[[ Records for this task, beginning ]]
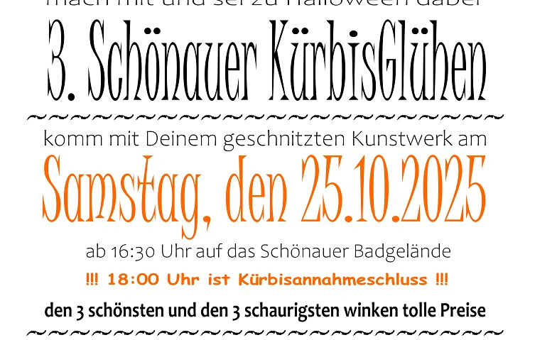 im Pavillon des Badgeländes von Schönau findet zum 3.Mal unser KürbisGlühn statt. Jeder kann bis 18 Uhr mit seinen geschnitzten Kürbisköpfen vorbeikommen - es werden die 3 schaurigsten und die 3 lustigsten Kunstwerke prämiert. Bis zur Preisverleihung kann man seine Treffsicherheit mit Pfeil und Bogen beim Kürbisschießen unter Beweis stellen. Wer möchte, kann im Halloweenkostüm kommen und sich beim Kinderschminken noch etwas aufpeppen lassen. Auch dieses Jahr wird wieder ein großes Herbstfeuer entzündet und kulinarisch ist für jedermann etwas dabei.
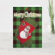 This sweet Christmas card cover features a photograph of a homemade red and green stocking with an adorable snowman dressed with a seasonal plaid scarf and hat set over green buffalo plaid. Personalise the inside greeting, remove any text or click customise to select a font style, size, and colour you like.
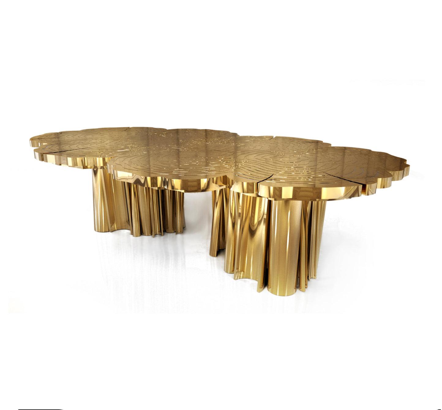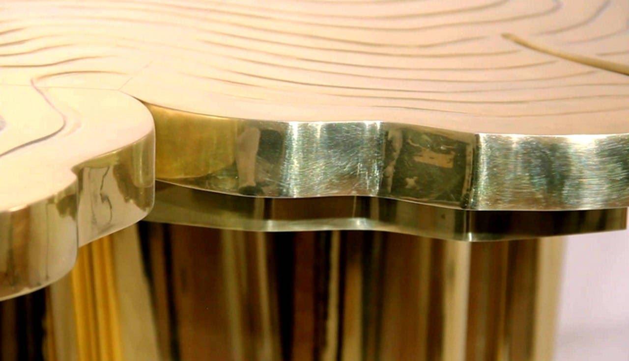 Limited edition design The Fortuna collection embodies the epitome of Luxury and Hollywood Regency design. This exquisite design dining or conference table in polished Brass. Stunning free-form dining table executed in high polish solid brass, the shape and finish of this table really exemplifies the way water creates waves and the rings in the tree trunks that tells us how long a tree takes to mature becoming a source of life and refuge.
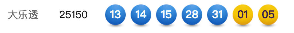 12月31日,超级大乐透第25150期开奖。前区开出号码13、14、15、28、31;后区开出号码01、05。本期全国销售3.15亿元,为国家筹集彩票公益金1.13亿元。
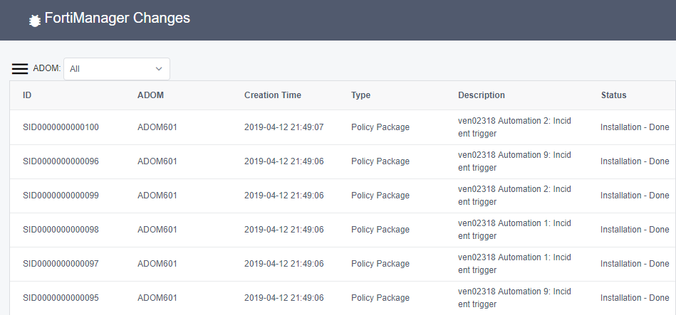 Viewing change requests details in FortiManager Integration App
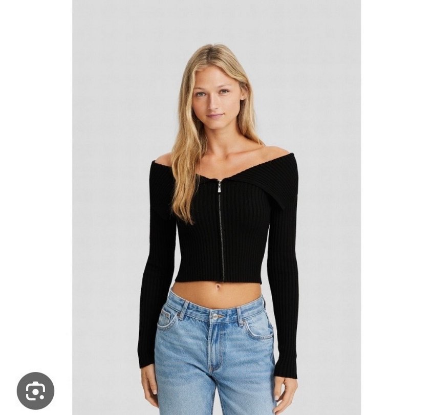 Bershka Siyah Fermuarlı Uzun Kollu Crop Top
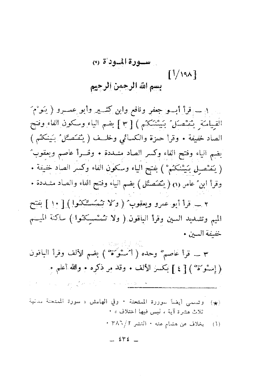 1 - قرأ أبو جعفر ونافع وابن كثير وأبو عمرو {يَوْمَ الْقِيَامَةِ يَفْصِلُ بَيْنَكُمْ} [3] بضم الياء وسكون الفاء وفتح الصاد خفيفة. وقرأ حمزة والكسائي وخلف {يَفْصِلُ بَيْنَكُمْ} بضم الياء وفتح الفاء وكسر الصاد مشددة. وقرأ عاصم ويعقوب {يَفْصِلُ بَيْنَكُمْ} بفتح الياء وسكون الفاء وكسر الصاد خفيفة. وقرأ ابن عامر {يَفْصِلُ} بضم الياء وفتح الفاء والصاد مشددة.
[[ Records for this task, end ]]
Leave out the pictures, and retype exactly the lines from the one containing "Viewing change requests" through the last line of the data above, no more and no less.

 Viewing change requests details in FortiManager Integration App
 Bershka Siyah Fermuarlı Uzun Kollu Crop Top
 1 - قرأ أبو جعفر ونافع وابن كثير وأبو عمرو {يَوْمَ الْقِيَامَةِ يَفْصِلُ بَيْنَكُمْ} [3] بضم الياء وسكون الفاء وفتح الصاد خفيفة. وقرأ حمزة والكسائي وخلف {يَفْصِلُ بَيْنَكُمْ} بضم الياء وفتح الفاء وكسر الصاد مشددة. وقرأ عاصم ويعقوب {يَفْصِلُ بَيْنَكُمْ} بفتح الياء وسكون الفاء وكسر الصاد خفيفة. وقرأ ابن عامر {يَفْصِلُ} بضم الياء وفتح الفاء والصاد مشددة.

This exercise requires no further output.